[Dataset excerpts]
────

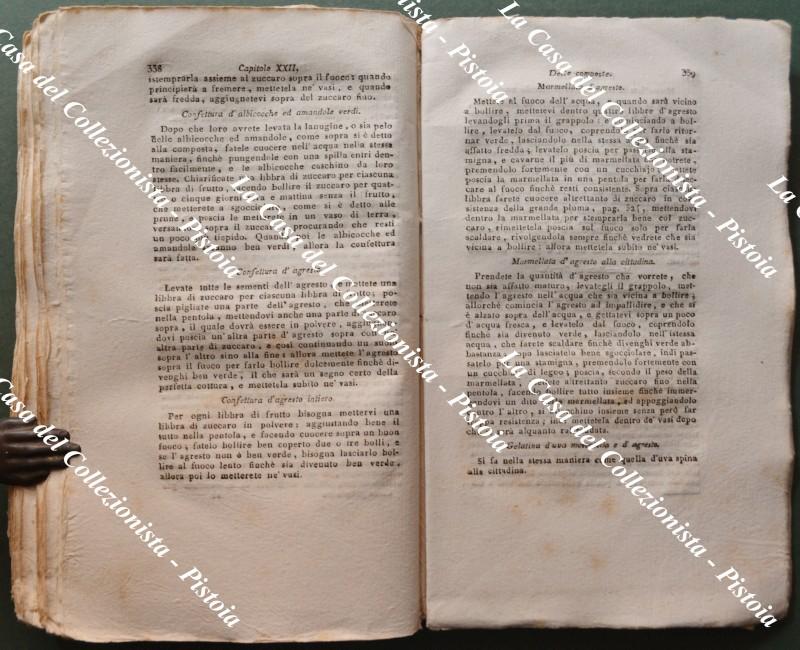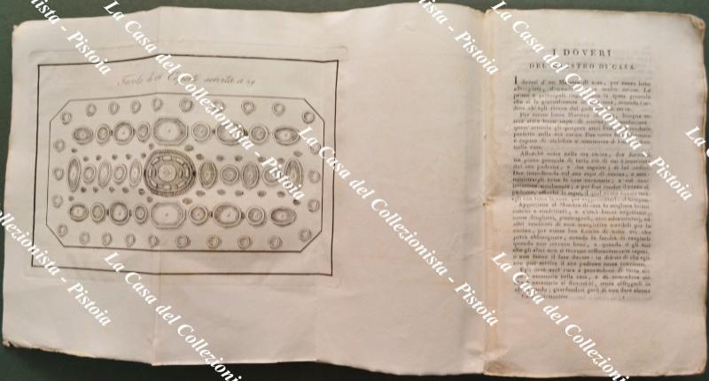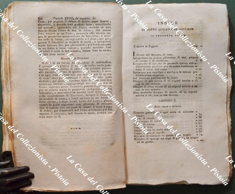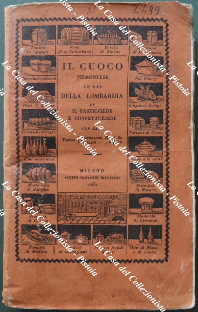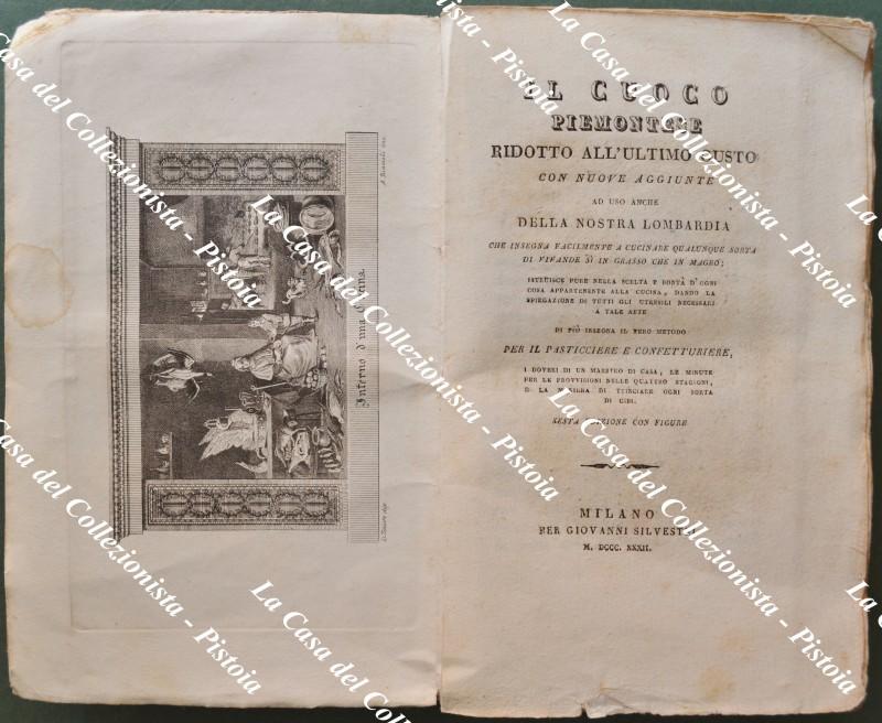 (Gastronomia - Piemonte) IL CUOCO PIEMONTESE RIDOTTO ALL'ULTIMO GUSTO. CON NUOVE AGGIUNTE AD USO ANCHE DELLA NOSTRA LOMBARDIA CHE INSEGNE A CUCINARE QUALUNQUE SORTA DI VIVANDE Sì IN GRASSO CHE IN MAGRO; istruisce pure nella scelta e bontà d'ogni cosa appartenente alla cucina, dando la spiegazione di tutti gli utensili necessari a tale arte, di più insegna il vero metodo PER IL PASTICCIERE E CONFETTURIERE, i diveri di un maestro di casa, le minute per le provvisioni nelle quattro stagioni, e la maniera di trinciare ogni sorta di cibi. Sesta edizione con figure. Milano, Per Giovanni Silvestri, 1832. Cm 12,5x20, brossura editoriale figurata, pp. (4) +402 + (2). Antiporta incisa da A. Biasioli riproducente un interno di cucina fiamminga e, all'inizio fuori testo, 3 tavole ripiegate con note esplicative: 1) Tavola da 16 coperti servita a 13 per cena. 2) Servizio a 16 per 24 coperti. 3) Tavola di 26 Coperti servita a 29. L'anonimo autore fornisce centinaia di ricette per zuppe, primi piatti, piati di carne (bue, vitello, maiale, montone, agnello, pollame, selvaggina), piatti di pesce, legumi, insalata, uova, formaggi, frutta, dolci, prosciutti e salumi dando inoltre indicazione sul come tagliare le carni e come servire i cibi a tavola nel modo più appropriato. Esemplare parzialmente intonso; interno buono con minime tracce d'uso; la brossura originale illustrata è stata restaurata agli snodi dei piatti e presenta modeste abrasioni al piatto posteriore. (Rif.F5667-76)
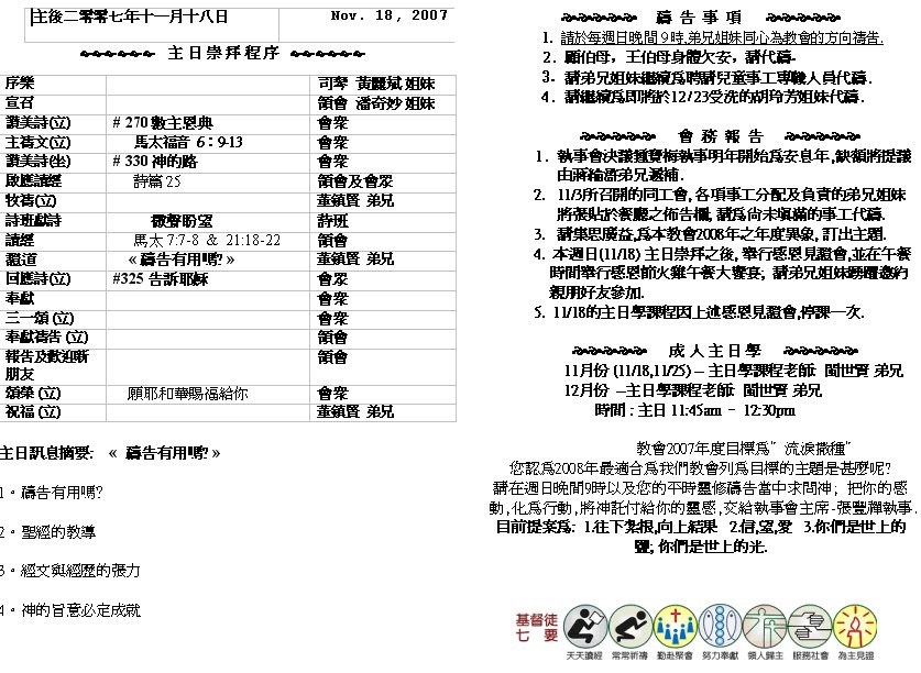 Sunday worship starts at 10AM, followed by sunday school at 11:30AM and luncheon at 12:30PM. If you would like to know Jesus, plese join us and change your life!.
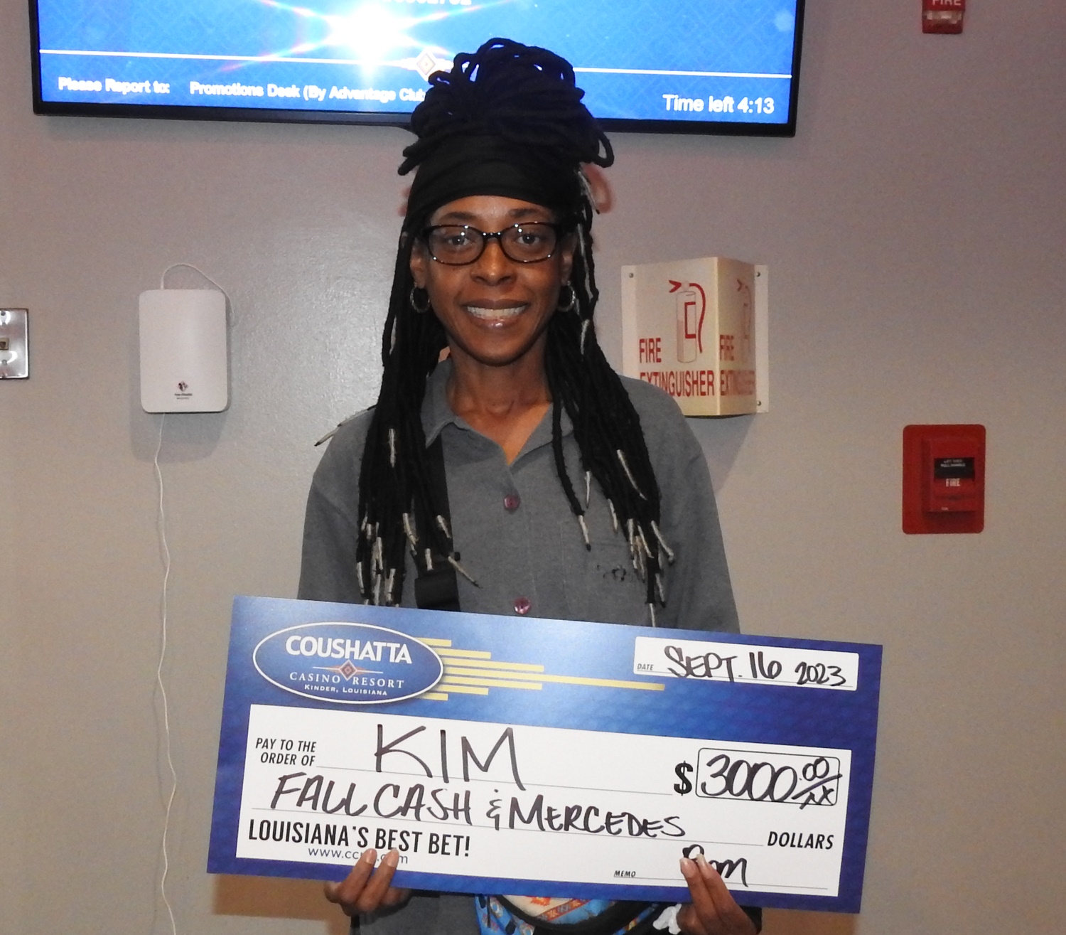 Congratulations to Kim--on September 16, 2023 this lucky guest hit the jackpot while playing in the $125,000 Fall Cash & Mercedes Giveaway and won $3,000!
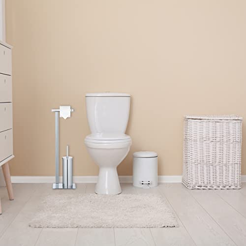 Relaxdays Piantana Portarotolo e Scopino, Set Bagno Porta Rotolo Carta Igienica, Portascopino, HLP: 72x20x17 cm, Argento, 90% Acciaio, 1 pz
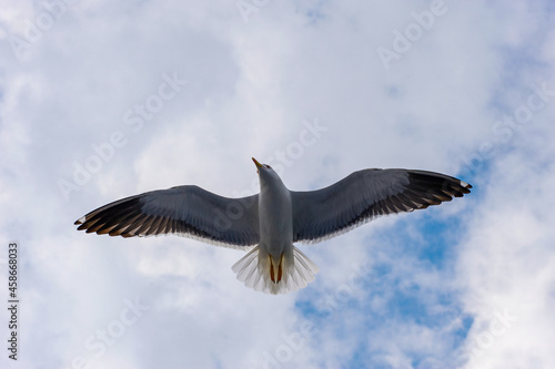 © Mikhail, Obraz premium A seagull flies in the sky with clouds.

────

> [What to produce] When you repeat the data, keep it exact and drop every picture.

> [Solution for this exercise]
 (Gastronomia - Piemonte) IL CUOCO PIEMONTESE RIDOTTO ALL'ULTIMO GUSTO. CON NUOVE AGGIUNTE AD USO ANCHE DELLA NOSTRA LOMBARDIA CHE INSEGNE A CUCINARE QUALUNQUE SORTA DI VIVANDE Sì IN GRASSO CHE IN MAGRO; istruisce pure nella scelta e bontà d'ogni cosa appartenente alla cucina, dando la spiegazione di tutti gli utensili necessari a tale arte, di più insegna il vero metodo PER IL PASTICCIERE E CONFETTURIERE, i diveri di un maestro di casa, le minute per le provvisioni nelle quattro stagioni, e la maniera di trinciare ogni sorta di cibi. Sesta edizione con figure. Milano, Per Giovanni Silvestri, 1832. Cm 12,5x20, brossura editoriale figurata, pp. (4) +402 + (2). Antiporta incisa da A. Biasioli riproducente un interno di cucina fiamminga e, all'inizio fuori testo, 3 tavole ripiegate con note esplicative: 1) Tavola da 16 coperti servita a 13 per cena. 2) Servizio a 16 per 24 coperti. 3) Tavola di 26 Coperti servita a 29. L'anonimo autore fornisce centinaia di ricette per zuppe, primi piatti, piati di carne (bue, vitello, maiale, montone, agnello, pollame, selvaggina), piatti di pesce, legumi, insalata, uova, formaggi, frutta, dolci, prosciutti e salumi dando inoltre indicazione sul come tagliare le carni e come servire i cibi a tavola nel modo più appropriato. Esemplare parzialmente intonso; interno buono con minime tracce d'uso; la brossura originale illustrata è stata restaurata agli snodi dei piatti e presenta modeste abrasioni al piatto posteriore. (Rif.F5667-76)
 Sunday worship starts at 10AM, followed by sunday school at 11:30AM and luncheon at 12:30PM. If you would like to know Jesus, plese join us and change your life!.
 Congratulations to Kim--on September 16, 2023 this lucky guest hit the jackpot while playing in the $125,000 Fall Cash & Mercedes Giveaway and won $3,000!
 Relaxdays Piantana Portarotolo e Scopino, Set Bagno Porta Rotolo Carta Igienica, Portascopino, HLP: 72x20x17 cm, Argento, 90% Acciaio, 1 pz
 © Mikhail, Obraz premium A seagull flies in the sky with clouds.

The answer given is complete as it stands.